=== DATA FOR REVIEW ===

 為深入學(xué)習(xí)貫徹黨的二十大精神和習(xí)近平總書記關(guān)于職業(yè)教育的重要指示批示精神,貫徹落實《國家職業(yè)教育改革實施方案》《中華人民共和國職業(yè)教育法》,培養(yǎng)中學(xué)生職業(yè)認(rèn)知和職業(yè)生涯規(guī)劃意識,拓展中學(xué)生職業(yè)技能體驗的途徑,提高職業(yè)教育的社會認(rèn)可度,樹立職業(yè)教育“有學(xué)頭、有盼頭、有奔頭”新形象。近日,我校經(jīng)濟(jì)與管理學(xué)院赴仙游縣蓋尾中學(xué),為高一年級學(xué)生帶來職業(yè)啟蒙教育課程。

===
=== DATA FOR REVIEW ===

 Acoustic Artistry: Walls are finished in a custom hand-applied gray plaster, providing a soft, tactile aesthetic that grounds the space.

===
=== DATA FOR REVIEW ===

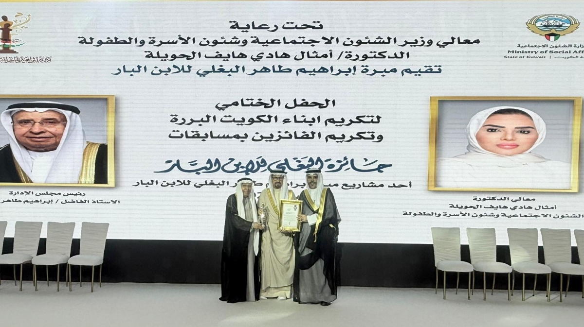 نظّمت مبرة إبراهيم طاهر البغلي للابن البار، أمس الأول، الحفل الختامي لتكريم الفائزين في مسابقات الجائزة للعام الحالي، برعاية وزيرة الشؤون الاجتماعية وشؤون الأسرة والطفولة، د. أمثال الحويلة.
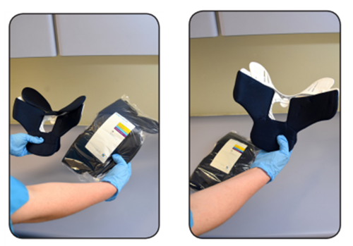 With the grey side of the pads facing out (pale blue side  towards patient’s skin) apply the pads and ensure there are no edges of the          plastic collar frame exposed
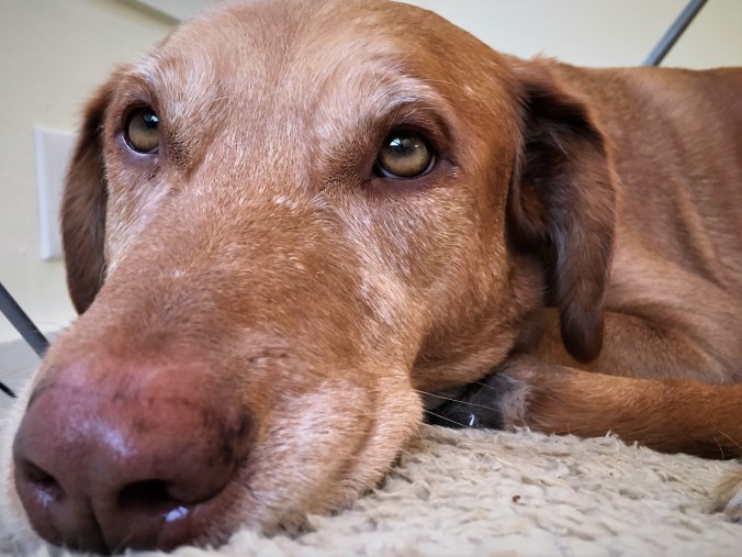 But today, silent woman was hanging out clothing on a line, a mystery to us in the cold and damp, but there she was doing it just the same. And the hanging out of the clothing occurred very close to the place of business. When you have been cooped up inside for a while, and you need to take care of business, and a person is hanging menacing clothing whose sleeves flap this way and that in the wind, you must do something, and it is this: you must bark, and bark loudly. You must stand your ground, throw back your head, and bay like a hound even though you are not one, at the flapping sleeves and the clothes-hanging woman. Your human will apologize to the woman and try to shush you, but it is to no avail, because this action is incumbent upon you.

===

• **EXERCISE PROMPT**:
Write out exactly the lines above between the one with "نظّمت مبرة إبراهيم" and the one with "But today, silent", inclusive, with pictures left out.

• **EXPECTED ANSWER**:
 نظّمت مبرة إبراهيم طاهر البغلي للابن البار، أمس الأول، الحفل الختامي لتكريم الفائزين في مسابقات الجائزة للعام الحالي، برعاية وزيرة الشؤون الاجتماعية وشؤون الأسرة والطفولة، د. أمثال الحويلة.
 With the grey side of the pads facing out (pale blue side  towards patient’s skin) apply the pads and ensure there are no edges of the          plastic collar frame exposed
 But today, silent woman was hanging out clothing on a line, a mystery to us in the cold and damp, but there she was doing it just the same. And the hanging out of the clothing occurred very close to the place of business. When you have been cooped up inside for a while, and you need to take care of business, and a person is hanging menacing clothing whose sleeves flap this way and that in the wind, you must do something, and it is this: you must bark, and bark loudly. You must stand your ground, throw back your head, and bay like a hound even though you are not one, at the flapping sleeves and the clothes-hanging woman. Your human will apologize to the woman and try to shush you, but it is to no avail, because this action is incumbent upon you.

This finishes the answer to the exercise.